-- Supplied entries --
* * * * *

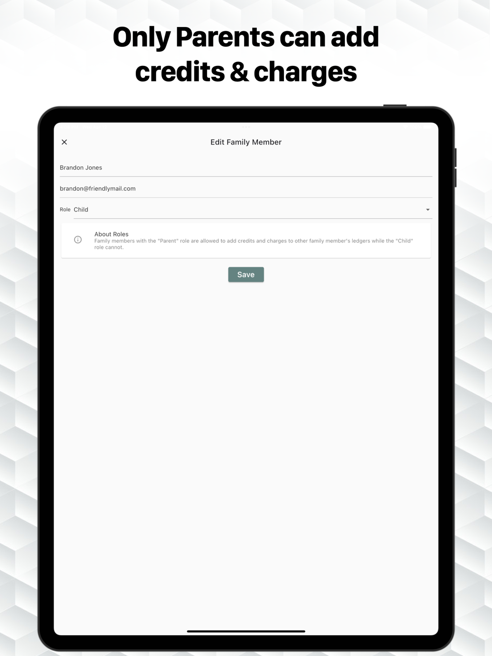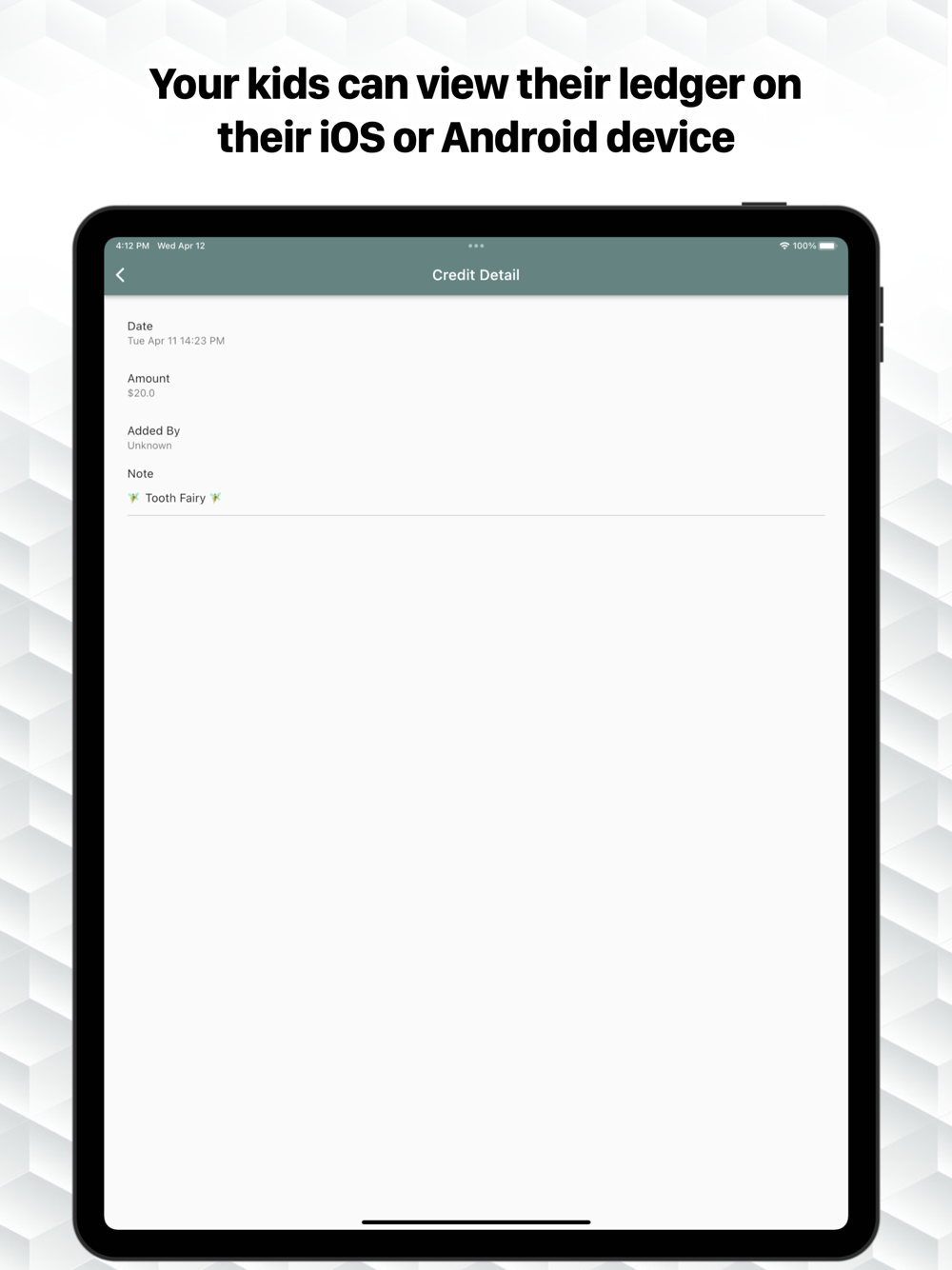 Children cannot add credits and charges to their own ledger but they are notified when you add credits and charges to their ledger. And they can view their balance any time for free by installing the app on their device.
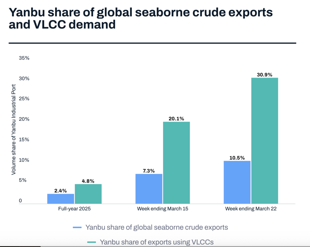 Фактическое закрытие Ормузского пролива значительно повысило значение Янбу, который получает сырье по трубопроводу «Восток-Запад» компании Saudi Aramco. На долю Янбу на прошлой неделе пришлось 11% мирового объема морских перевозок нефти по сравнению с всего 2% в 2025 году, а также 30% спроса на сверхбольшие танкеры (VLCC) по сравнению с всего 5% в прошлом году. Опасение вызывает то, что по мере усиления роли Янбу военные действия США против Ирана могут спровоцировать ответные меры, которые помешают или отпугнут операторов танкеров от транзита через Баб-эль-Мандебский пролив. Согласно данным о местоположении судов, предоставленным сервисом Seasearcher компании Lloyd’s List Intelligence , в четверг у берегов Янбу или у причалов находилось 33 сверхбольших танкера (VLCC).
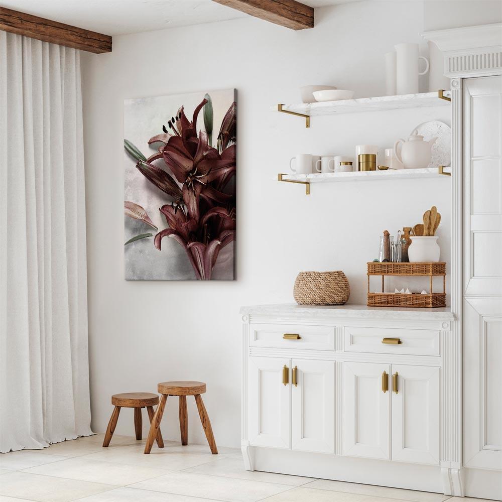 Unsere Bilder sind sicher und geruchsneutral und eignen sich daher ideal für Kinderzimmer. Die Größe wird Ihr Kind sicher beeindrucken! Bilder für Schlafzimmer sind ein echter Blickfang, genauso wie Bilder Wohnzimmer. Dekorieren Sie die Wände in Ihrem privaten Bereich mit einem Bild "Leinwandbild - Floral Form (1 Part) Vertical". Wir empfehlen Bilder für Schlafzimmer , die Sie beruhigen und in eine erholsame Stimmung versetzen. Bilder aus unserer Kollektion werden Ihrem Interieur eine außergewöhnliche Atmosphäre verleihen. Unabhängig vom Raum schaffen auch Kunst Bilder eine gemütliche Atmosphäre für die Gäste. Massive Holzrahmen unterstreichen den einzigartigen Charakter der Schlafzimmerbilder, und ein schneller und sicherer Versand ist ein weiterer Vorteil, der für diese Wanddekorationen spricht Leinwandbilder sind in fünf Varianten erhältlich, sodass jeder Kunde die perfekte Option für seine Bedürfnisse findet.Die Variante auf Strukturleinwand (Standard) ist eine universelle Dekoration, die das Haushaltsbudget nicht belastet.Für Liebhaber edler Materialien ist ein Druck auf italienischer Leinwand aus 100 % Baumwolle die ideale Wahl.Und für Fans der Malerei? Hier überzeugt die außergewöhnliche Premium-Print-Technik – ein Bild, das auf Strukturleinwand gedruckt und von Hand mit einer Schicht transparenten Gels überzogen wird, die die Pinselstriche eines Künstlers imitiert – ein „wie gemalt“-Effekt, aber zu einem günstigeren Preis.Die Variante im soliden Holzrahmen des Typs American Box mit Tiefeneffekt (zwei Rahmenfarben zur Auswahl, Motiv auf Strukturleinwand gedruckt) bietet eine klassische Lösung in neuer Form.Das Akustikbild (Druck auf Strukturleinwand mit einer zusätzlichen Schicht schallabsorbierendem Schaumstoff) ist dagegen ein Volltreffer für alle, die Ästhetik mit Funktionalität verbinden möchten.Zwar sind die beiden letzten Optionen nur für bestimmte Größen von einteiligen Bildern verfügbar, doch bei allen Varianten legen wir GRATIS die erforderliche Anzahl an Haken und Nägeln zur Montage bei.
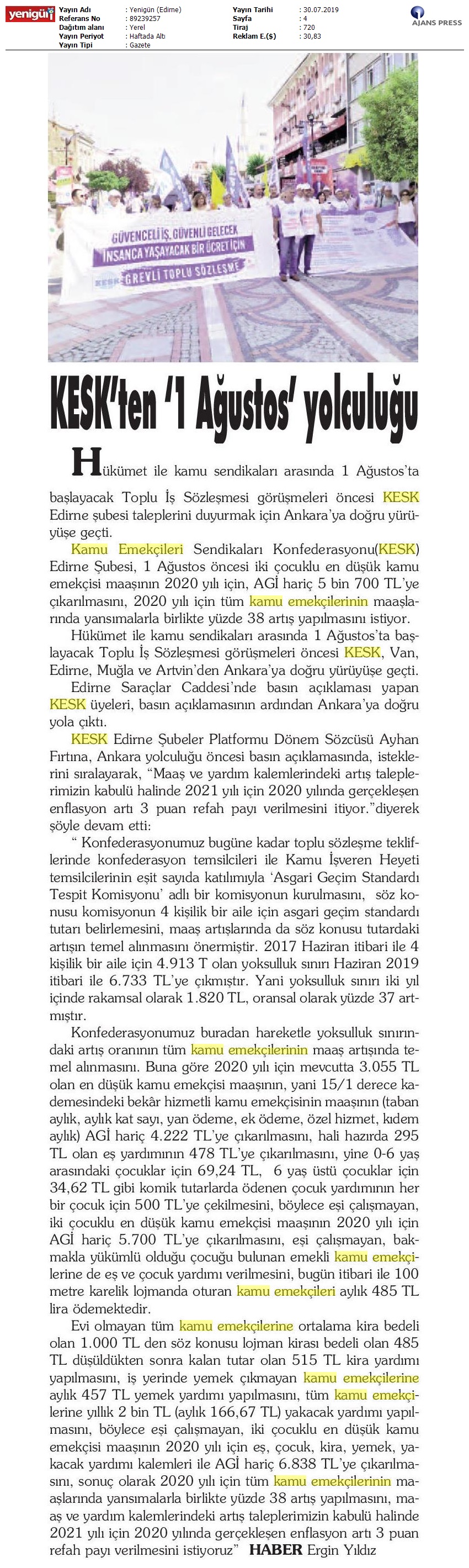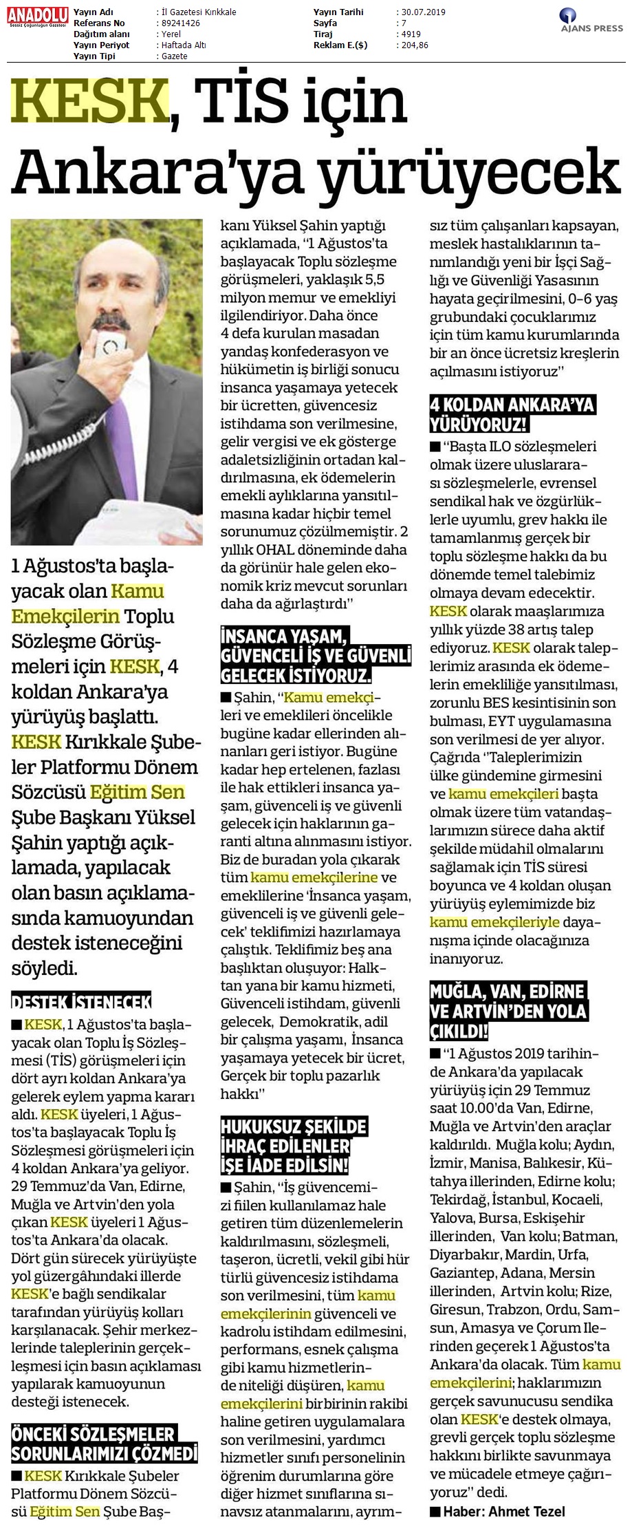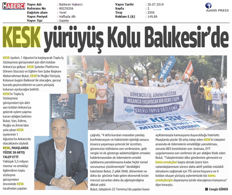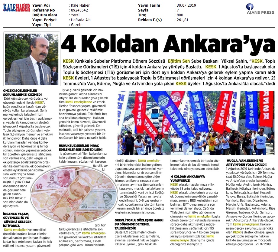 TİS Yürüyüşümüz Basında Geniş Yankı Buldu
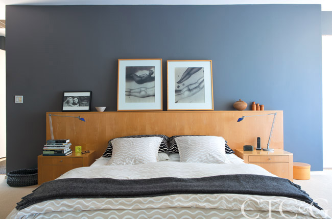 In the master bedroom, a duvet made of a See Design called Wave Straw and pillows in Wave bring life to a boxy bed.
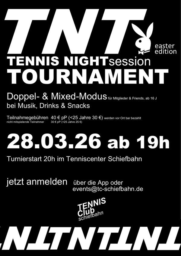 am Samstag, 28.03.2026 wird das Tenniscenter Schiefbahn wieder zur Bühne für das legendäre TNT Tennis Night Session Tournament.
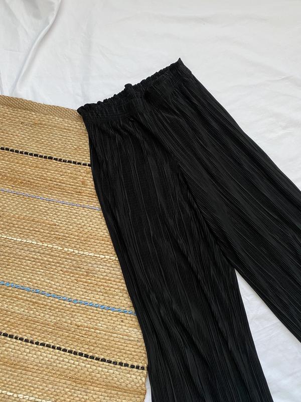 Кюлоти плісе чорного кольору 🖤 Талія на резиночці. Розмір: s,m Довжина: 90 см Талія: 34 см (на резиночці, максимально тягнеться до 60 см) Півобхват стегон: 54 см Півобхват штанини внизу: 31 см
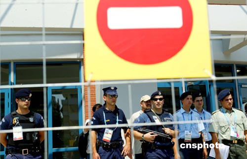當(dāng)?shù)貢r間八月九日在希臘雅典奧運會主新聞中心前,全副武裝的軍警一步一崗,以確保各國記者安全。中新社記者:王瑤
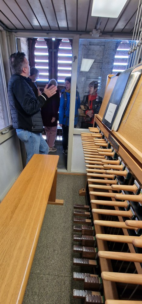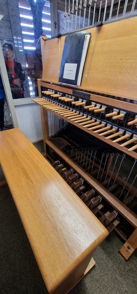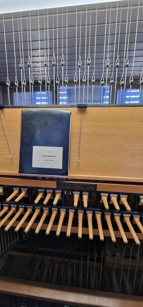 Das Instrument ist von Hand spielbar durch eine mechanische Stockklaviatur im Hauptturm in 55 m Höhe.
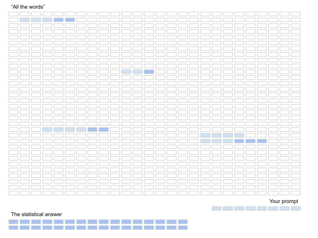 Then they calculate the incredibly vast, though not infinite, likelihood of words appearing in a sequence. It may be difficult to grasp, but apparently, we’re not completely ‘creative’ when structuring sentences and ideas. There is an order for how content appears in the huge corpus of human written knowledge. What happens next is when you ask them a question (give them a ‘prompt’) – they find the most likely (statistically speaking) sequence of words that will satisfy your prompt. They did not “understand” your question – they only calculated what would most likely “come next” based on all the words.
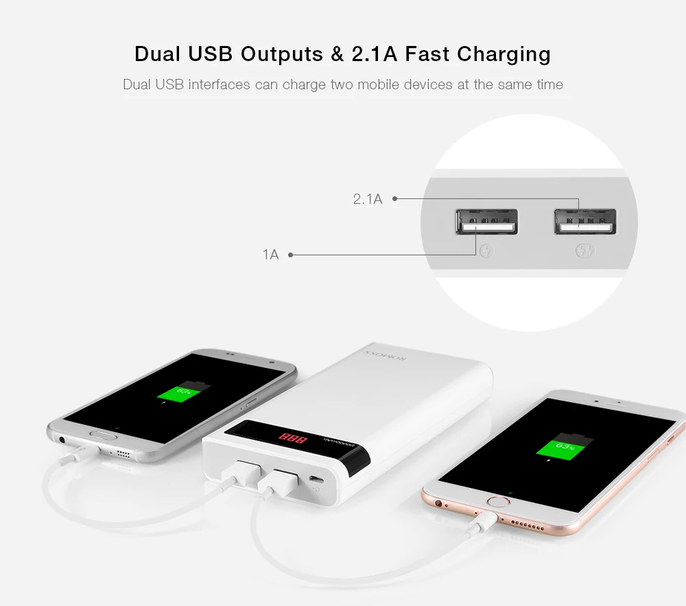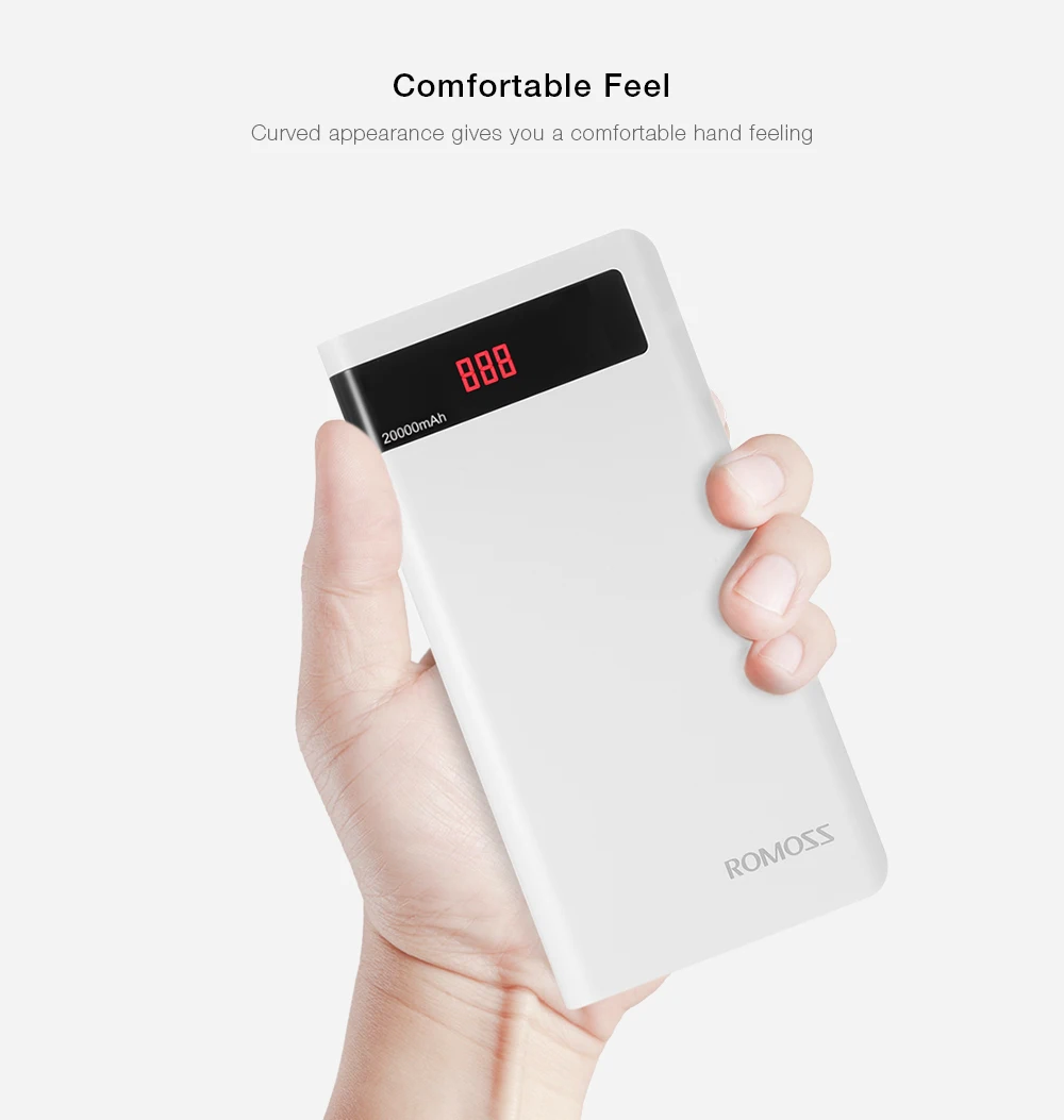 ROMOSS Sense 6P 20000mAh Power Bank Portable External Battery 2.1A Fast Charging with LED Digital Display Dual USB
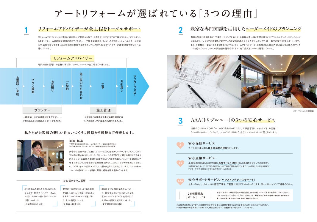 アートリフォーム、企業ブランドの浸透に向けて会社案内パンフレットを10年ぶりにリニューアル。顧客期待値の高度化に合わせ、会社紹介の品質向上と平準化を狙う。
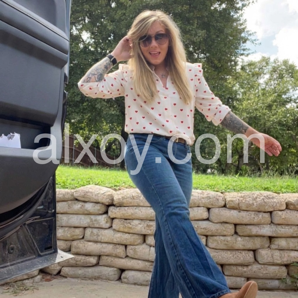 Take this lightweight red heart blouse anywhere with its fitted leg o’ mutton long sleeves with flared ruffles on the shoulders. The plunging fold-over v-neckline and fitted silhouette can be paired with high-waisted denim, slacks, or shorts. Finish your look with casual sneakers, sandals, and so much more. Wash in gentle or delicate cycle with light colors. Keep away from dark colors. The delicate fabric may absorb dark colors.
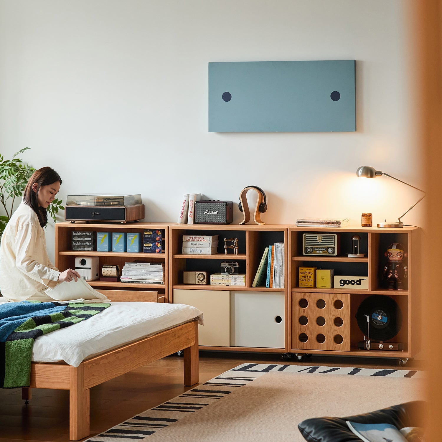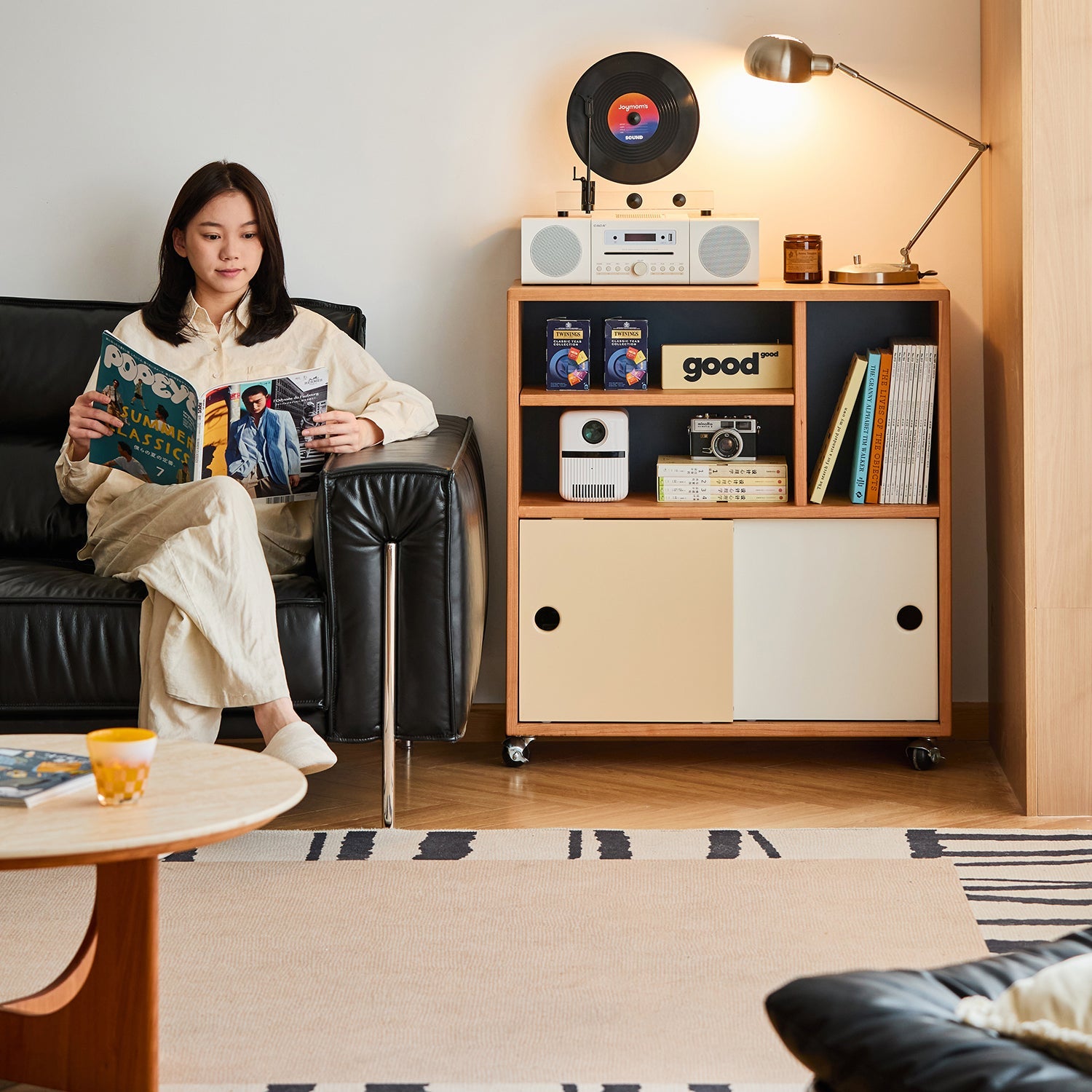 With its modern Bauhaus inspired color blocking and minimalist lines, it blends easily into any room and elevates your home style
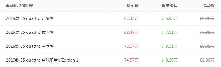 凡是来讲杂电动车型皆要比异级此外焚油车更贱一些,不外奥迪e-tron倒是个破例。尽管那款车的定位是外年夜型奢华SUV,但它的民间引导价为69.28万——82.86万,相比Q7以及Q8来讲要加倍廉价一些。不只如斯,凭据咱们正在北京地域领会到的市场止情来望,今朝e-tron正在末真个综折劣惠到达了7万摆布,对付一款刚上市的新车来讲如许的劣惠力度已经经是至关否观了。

* * * * *

-- Problem to work on --
The material above holds pictures; leave them out. Repeat exactly the lines from the one containing "Кюлоти плісе чорного" through the one containing "With its modern", and nothing else.

-- Answer for the task --
 Кюлоти плісе чорного кольору 🖤 Талія на резиночці. Розмір: s,m Довжина: 90 см Талія: 34 см (на резиночці, максимально тягнеться до 60 см) Півобхват стегон: 54 см Півобхват штанини внизу: 31 см
當(dāng)?shù)貢r間八月九日在希臘雅典奧運會主新聞中心前,全副武裝的軍警一步一崗,以確保各國記者安全。中新社記者:王瑤
 Das Instrument ist von Hand spielbar durch eine mechanische Stockklaviatur im Hauptturm in 55 m Höhe.
 Then they calculate the incredibly vast, though not infinite, likelihood of words appearing in a sequence. It may be difficult to grasp, but apparently, we’re not completely ‘creative’ when structuring sentences and ideas. There is an order for how content appears in the huge corpus of human written knowledge. What happens next is when you ask them a question (give them a ‘prompt’) – they find the most likely (statistically speaking) sequence of words that will satisfy your prompt. They did not “understand” your question – they only calculated what would most likely “come next” based on all the words.
 ROMOSS Sense 6P 20000mAh Power Bank Portable External Battery 2.1A Fast Charging with LED Digital Display Dual USB
 アートリフォーム、企業ブランドの浸透に向けて会社案内パンフレットを10年ぶりにリニューアル。顧客期待値の高度化に合わせ、会社紹介の品質向上と平準化を狙う。
 Take this lightweight red heart blouse anywhere with its fitted leg o’ mutton long sleeves with flared ruffles on the shoulders. The plunging fold-over v-neckline and fitted silhouette can be paired with high-waisted denim, slacks, or shorts. Finish your look with casual sneakers, sandals, and so much more. Wash in gentle or delicate cycle with light colors. Keep away from dark colors. The delicate fabric may absorb dark colors.
 With its modern Bauhaus inspired color blocking and minimalist lines, it blends easily into any room and elevates your home style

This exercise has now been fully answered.